There's a sweet spot for potentially life-giving molecules in the universe, and it's called IRAS 16293-2422.

Astronomers have identified a second building block for life in the awkwardly named star system, where previous analysis found sugar in 2012. Their findings were released Thursday in two separate papers.

The newly detected prebiotic molecule is called methyl isocyanate, which is part of a family of molecules that form the peptide bonds necessary for organic proteins.

Although methyl isocyanate is deadly to humans, astronomers say it nonetheless offers hints as to how life emerges around young stars like our own sun.

"By finding prebiotic molecules in this study, we may now have another piece of the puzzle in understanding how life came about on our planet," Rafael Martin-Domenech and Victor M. Rivilla, co-authors of one of the papers, said in a statement.

The discovery comes just five years after astronomers found the sugar glycolaldehyde, a building block for RNA, in the same system.

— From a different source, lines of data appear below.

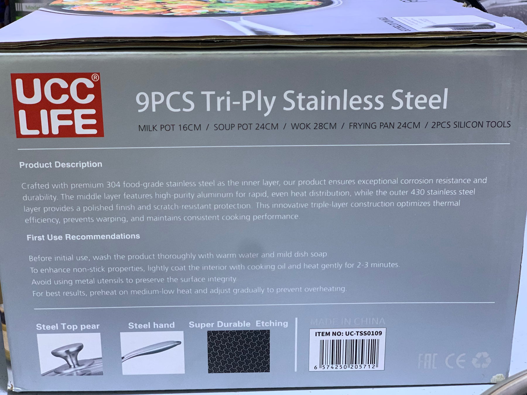 9 Pieces Tri-Play Cookware Set Stainless Steel
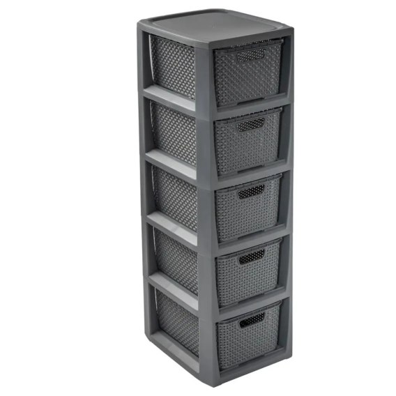 Pięcioczęściowy regał Rattan jest bardzo dobrym rozwiązaniem do przechowywania w małych przestrzeniach. Wykonany bardzo estetycznie, z wysokiej jakości, bezpiecznego materiału (wolnego od ftalanów i bpa) jest idealny do takich pomieszczeń jak łazienka, garderoba, dziecięcy pokój czy domowe biuro. Dostępny w różnych kolorach.
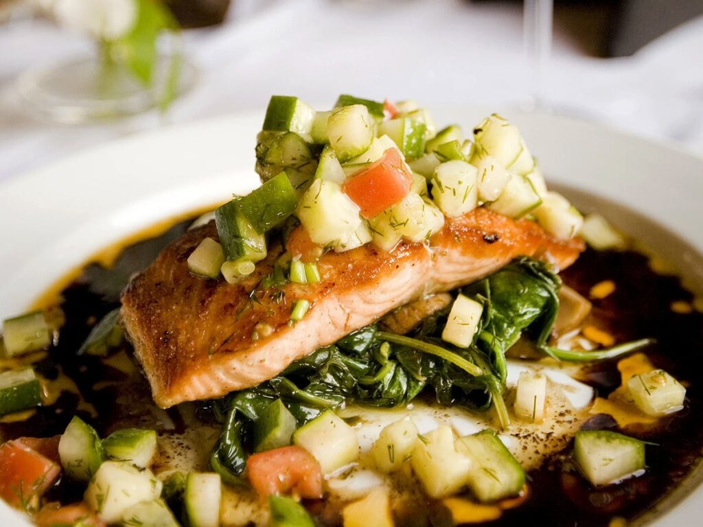 Finas laminas de salmón con alcaparras, queso parmesano y dressing de pica

The sun-like star IRAS 16293-2422 is still quite young at just 10,000 years old, and is approximately 400 light years from Earth. Our sun, by comparison, is 4.6 billion years old. It's estimated that life emerged on Earth approximately 3.8 billion years ago, when the sun was 800,000 years old.

Niels Ligterink and Audrey Coutens, who co-authored a second paper on the discovery, touted IRAS 16293-2422 as a prime spot to look for early elements of life. "This star systems seems to keep on giving," they said in a joint statement.

Astronomers detected the methyl isocyanate using the ALMA telescope in Chile.

The molecule was also detected on an icy comet back in 2015 by the European Space Agency's Rosetta probe.